Trace Howard DePass is the 2016 Teen Poet Laureate for the Borough of Queens and editor of Scholastic’s Best Teen Writing of 2017. His work has been featured on BET Next Level, Billboard, Blavity, NPR’s The Takeaway, and also resides within literary homes – Entropy Magazine, Split This Rock!, The Other Side of Violet, & Penmanship’s East Coast Voices Anthology.

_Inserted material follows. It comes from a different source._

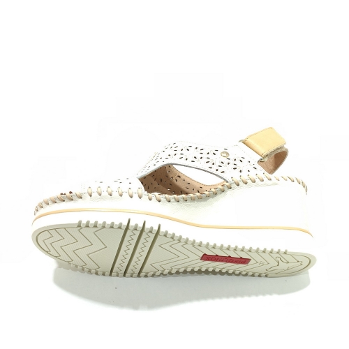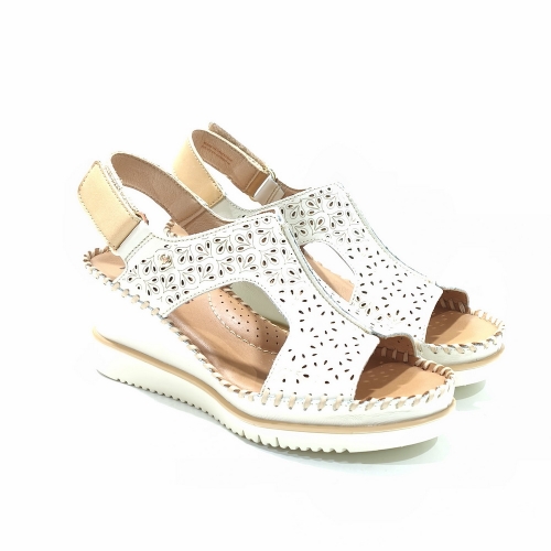 Sandalia abotinada con cierre de cinta textil adhesiva, fabricada en piel troquelada, con cuña de 4 cm y suela de goma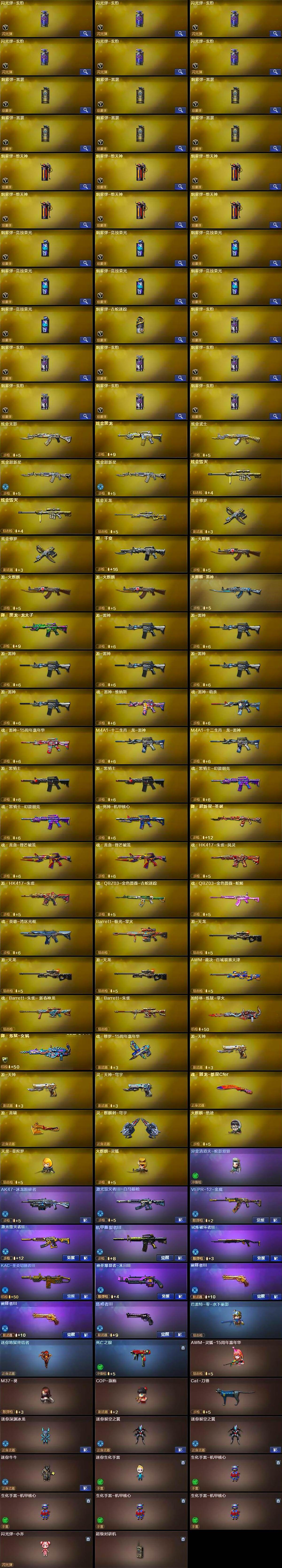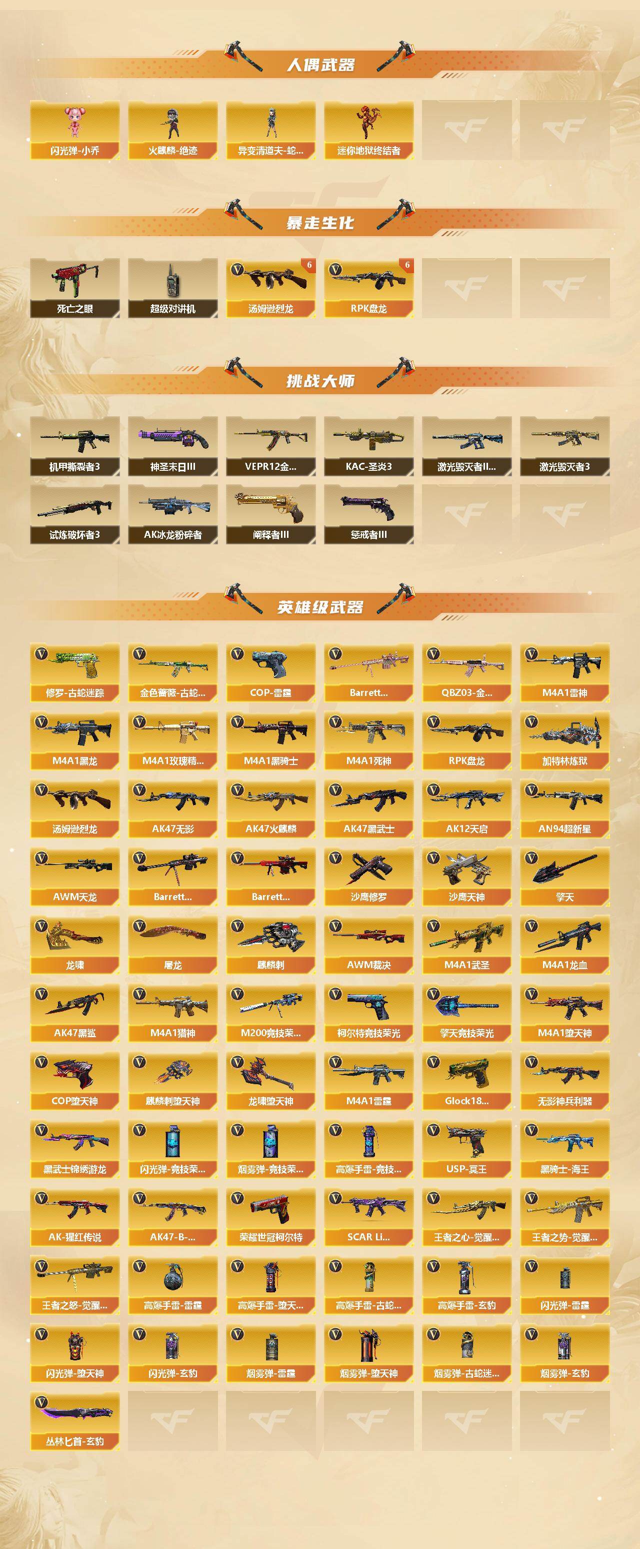 【英雄级武器】:AK47-火麒麟*7,M4A1-黑龙*2,M4A1-雷神*2,M4A1-黑骑士*2,AK47-无影,M4A1-死神*2,AK47-黑武士*2,AK12-天启*2,AN94-超新星*3,M4

Vincent Toro is the author of STEREO.ISLAND.MOSAIC., which was awarded Ahsahta Press’s Sawtooth Poetry Prize and The Poetry Society of America’s Norma Farber First Book Award. He has an MFA in poetry from Rutgers and is contributing editor for Kweli Literary Journal. Vincent is recipient of a Poet’s House Emerging Poets Fellowship, a New York Foundation for the Arts Fellowship in Poetry, The Caribbean Writer’s Cecile De Jongh Poetry Prize, and the Metlife Nuestras Voces Playwriting Award. Vincent’s poems have been published in The Buenos Aires Review, Codex, Rattle, The Cortland Review, Vinyl, The Hawai’I Review, Washington Square Review, The Paterson Review, and Best American Experimental Writing 2015. Vincent teaches at Bronx Community College, is writing liaison at The Cooper Union’s Saturday Program, and is a poet in the schools for The Dreamyard Project and the Dodge Poetry Foundation.